🤖 AI Summary
Training large-scale sparse autoencoders (SAEs) incurs prohibitive computational and memory overhead—especially with large dictionary sizes—hindering scalability and interpretability.
Method: We propose KronSAE, a novel architecture featuring (1) a Kronecker-product-based latent-space decomposition framework that drastically reduces linear transformation parameters; (2) mAND, a differentiable activation function approximating binary AND logic to enforce high sparsity while enhancing semantic interpretability of learned features; and (3) sparse-aware kernel optimizations for efficient inference.
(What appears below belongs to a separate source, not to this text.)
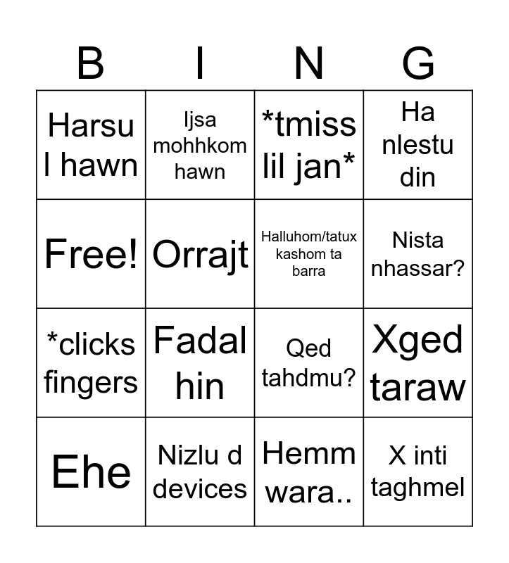 This bingo card has 16 words: Nizlu d devices, Xged taraw, *tmiss lil jan*, Harsu l hawn, *clicks fingers, Ijsa mohhkom hawn, Qed tahdmu?, Hemm wara.., Free!, Orrajt, Ehe, Ha nlestu din, Fadal hin, Nista nhassar?, Halluhom/tatux kashom ta barra and X inti taghmel.

Results: On neuron feature disentanglement in language models, KronSAE significantly reduces memory and FLOP consumption, enabling training with substantially larger dictionaries. It simultaneously improves reconstruction accuracy and direction-level interpretability—measured via feature alignment and causal mediation analysis—without compromising sparsity or fidelity.
📝 Abstract
Sparse Autoencoders (SAEs) have demonstrated significant promise in interpreting the hidden states of language models by decomposing them into interpretable latent directions. However, training SAEs at scale remains challenging, especially when large dictionary sizes are used. While decoders can leverage sparse-aware kernels for efficiency, encoders still require computationally intensive linear operations with large output dimensions. To address this, we propose KronSAE, a novel architecture that factorizes the latent representation via Kronecker product decomposition, drastically reducing memory and computational overhead. Furthermore, we introduce mAND, a differentiable activation function approximating the binary AND operation, which improves interpretability and performance in our factorized framework.